Quote:Centrals seem to rule the night - but I was told that by raising my pressure to 11. that *I* have created them. (Long story - I fell through the cracks with this clinic from the start, so between the Resp Tech and a VPAP study I had in August that showed an average pressure of 12.3, I gradually increased the pressure to 11 and I finally felt like I had actually had a decent sleep again - I had been feeling as if I was smothering, wake up choking etc. I was getting no response from the sleep clinic to concerns, and no help from the cpap provider I was assigned to so I was forced to manage on my own.

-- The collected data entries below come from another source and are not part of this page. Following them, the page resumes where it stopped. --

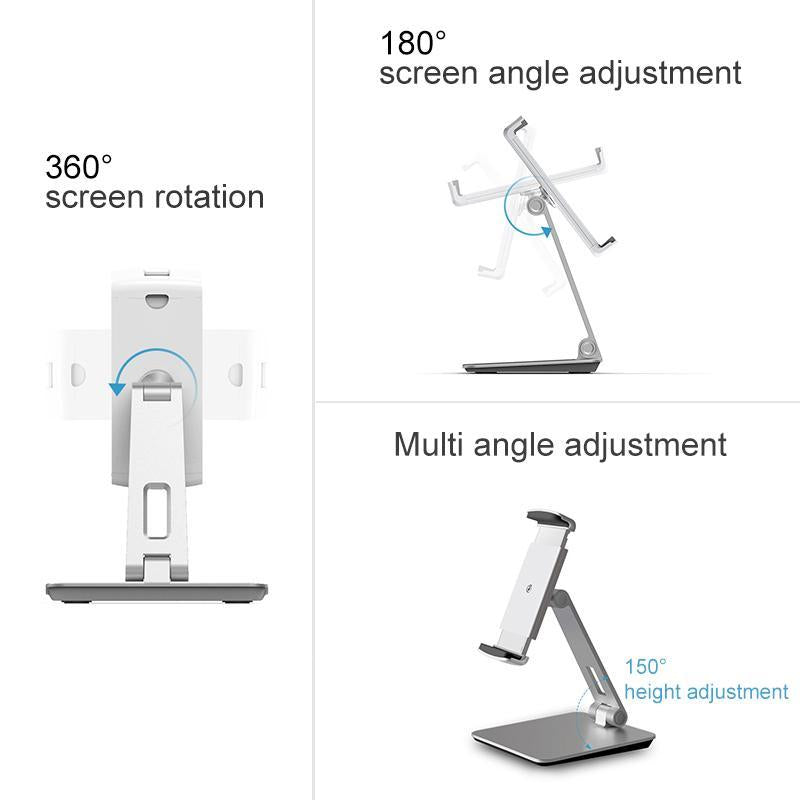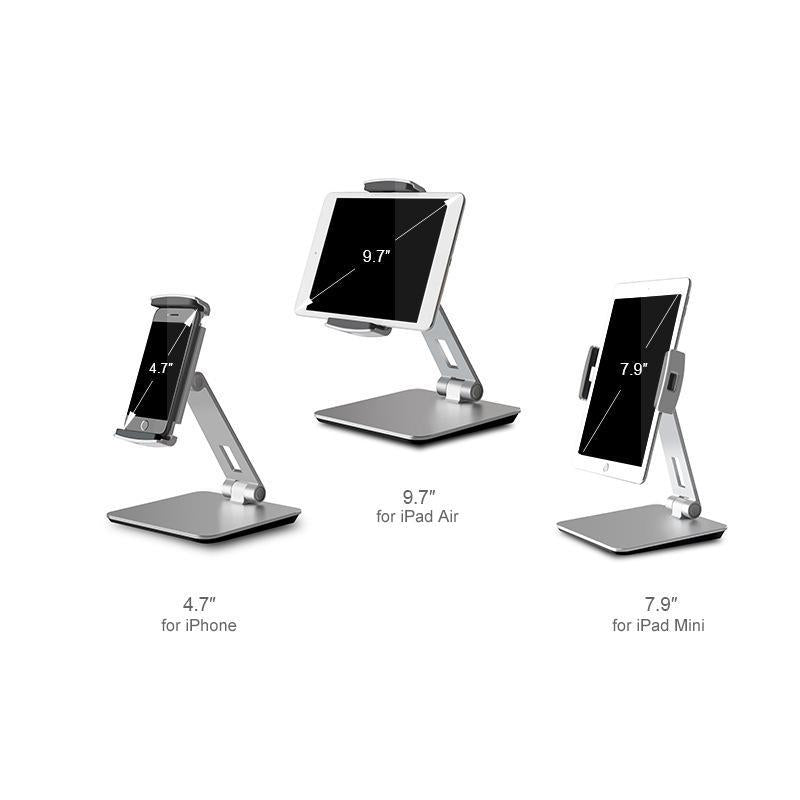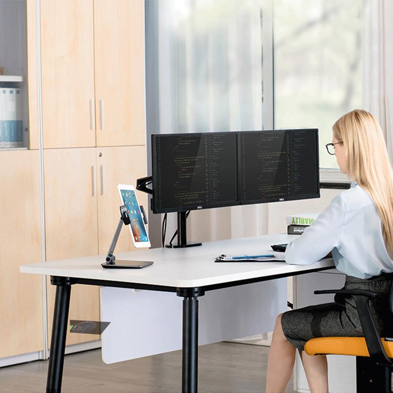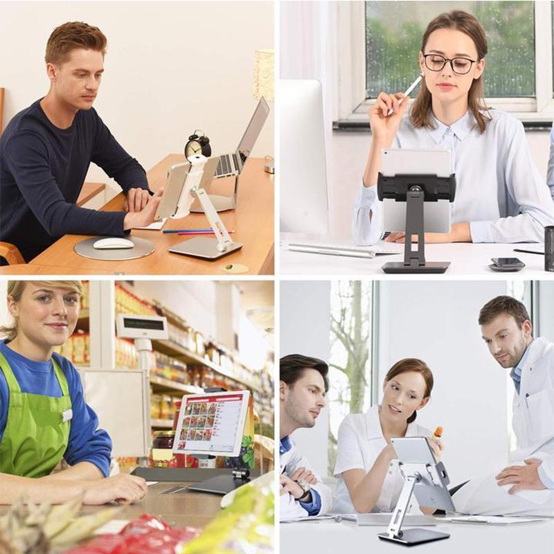 - Sturdy & heavy-duty metal base and arm form a highly rigid structure to sustain various tablets and phones with up to 1.3 feet elevation for better posture and eyelevel view. Multi-task as a dual-screen display on office desktop and retail business Point of Sale register, etc.
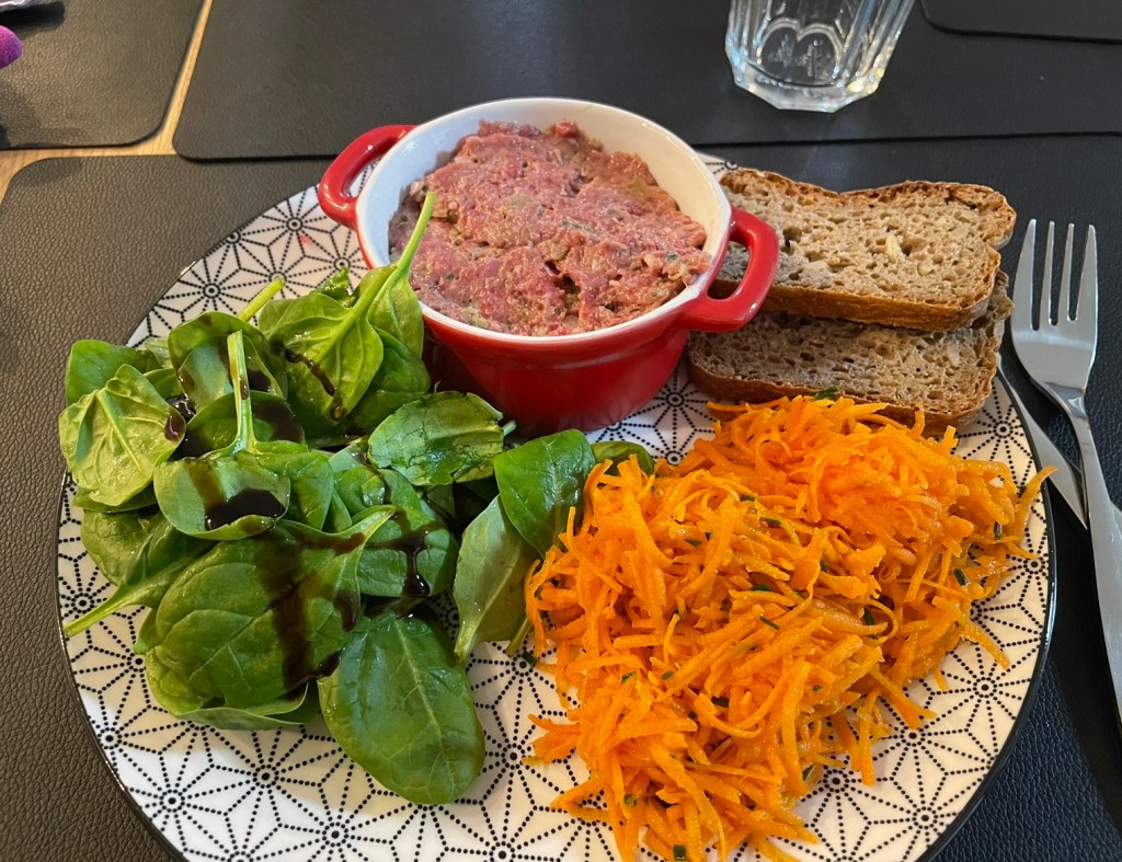 Aujourd’hui je vous propose une recette que je prépare régulièrement à la maison : le tartare de bœuf. Avec des frites, des potatoes aux four, des pommes de terres grenailles aux herbes de Provence, du pain nordique, et et une salade verte. On ne s’en lasse pas !
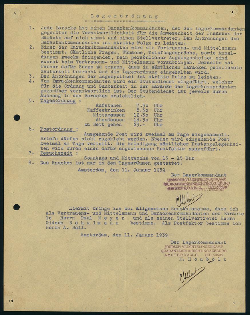 Inhoud o.a.: 1. Kampverordening ('Lagerordnung') nr. 2 van 11 januari 1939 (6x) - regels die het leven in de barakken ordenen. Elke barak heeft een commandant en een vervanger; er is kamppolitie, in iedere barak hangt een dagindeling en een schema voor schoonmaak, er zijn regels voor de post. Op alle zes kopieën van deze kampverordening zijn correcties of notities aangebracht. 2. Documenten m.b.t. barak 10: barakcommandant is Paul Mayer (ook Meyer geschreven), zijn vervanger: Gideon Schulmann, keukenchef: Walter Schockner, kameroudsten: Paul Jonas, Leonh. Littich, Carl Katz, Israel Zehmann, Herbert Voss, Dr. Moral. Lijst met namen (63) van bewoners van barak 10 en werkindeling van 20-26 februari 1939. 3. Regels voor de 'vrijwillige brandweer' voor barak 7 en barak 10 4. Indeling voor onderwijs - 7 maart 1939 5. Kampverordening 2 (31 maart 1939) en 3 (3 april 1939) met het oog op Pesach 6. Regels voor kantine en café (2 mei 1939). Kantinecommissie: dr. L. Hecht, dr. F. Jonas, M. Jacoby, A. Markus en H. Jacobsberg 7. Kampverordening III m.b.t. Kinderen (20 juli 1939) 8. Tekst en vertaling (Duits) van Zecharja 8: 1-13 en van Psalm 74
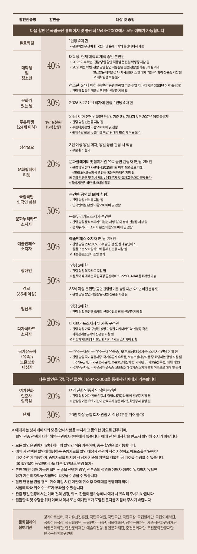 - 예매방법: 국립극장 콜센터 (02-2280-4114)
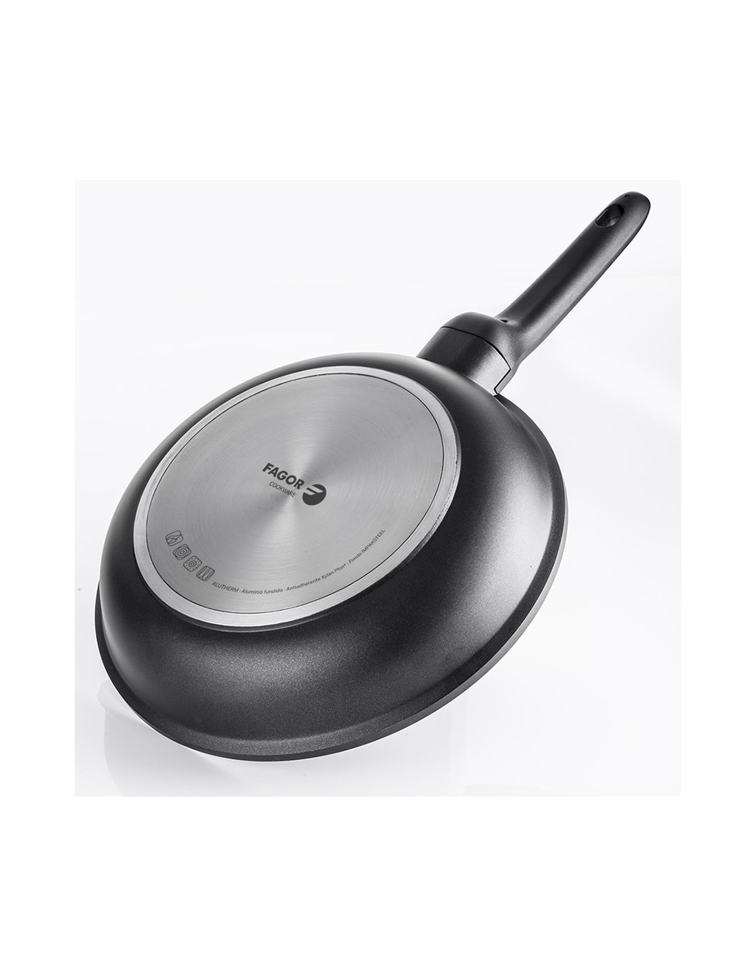 Sartén alutherm ø20cm negra aluminio 3004. aluminio fundido de alto espesor. espesor de cuerpo 2mm antiadherente de doble capa xylan plus reforzado efecto granito. fondo termodifusor impaksteel de máxima resistencia que optimiza la conductibilidad térmica. mangos ergonómicos de baquelita termoaislante. libre de cadmio y pfoa. 0,0% metales pesados. apto para todo tipo de fuegos. fagor
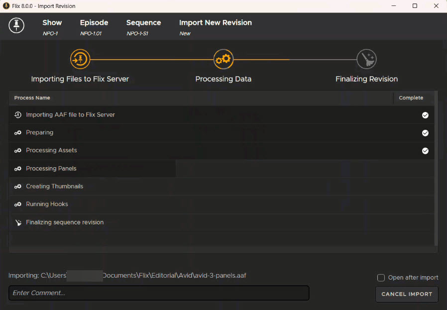 Note: Find out more at Importing Panels into Flix and Panel Versioning.

First, it's a shame that you've been allowed to fall through the cracks by the clinic.
That said, however, you likely HAVE created the problem with centrals by increasing the pressure up to 11cm. Approximately 15% of PAPers are seriously sensitive enough to positive airway pressure for them to develop pressure induced centrals once the pressure is increased past their personal "pressure threshold."
Since the problem seems to be with centrals, you need to figure out how to balance "enough pressure to prevent (most) of the obstructive events" and "not enough pressure to trigger an excessive number of central events."
Since you're basically being forced into managing things on your own, this is what I'd recommend as another PAP patient: Try lowering your pressure to 10cm and leave it there for a week or so. Then compare the whole week's worth of data to a typical week's worth of data at 11cm: Did the overall AHI go up or down? Did the number of CAs go down? Did the number of OAs and Hs go up? Were there more or fewer clusters of events?
If the overall AHI goes down because of a big decrease in CAs and in spite of a modest increase in OAs and Hs, then you might just be much better off with the lower pressure setting.
Quote:I know when I've had a rough night, I wake up tired and stay tired all day not feeling at all rested, my brain is "foggy" (only way I can describe it). I also find that I'm coughing a lot. I have the humidity at 5.5% (it's worse at a lower humidity) and with a heated hose now set at 81F - that doesn't seem to be a concern either. ("It's just the dry winter weather")
For now, I'd recommend tracking things in a simple log. Track a few of the daytime variables that indicate how well you are feeling on a simple 0-5 scale (0=not a problem, 5=an intense problem). Track the AHI, but also track how much sleep time you think you got during the night and how many wakes you remember in the morning. After a few weeks
, some patterns may emerge that will indicate whether a "rough night for AHI" or a "rough night for sleep continuity" is the more significant factor in how you're feeling.
Also see your PCP for the cough if it's been hanging around for more than a week or two. Upper respiratory infections (both viral and bacterial) can lead to a (temporary) worsening of the AHI and the quality of your sleep.
If you think the cough is PAP related, you may want to bump that humidity setting up from 5.5 to 6 or 6.5 (or higher). You may also find that a lower (or higher) temp in the hose might make the cough a bit better or worse. So it's worth playing around with the temp setting too.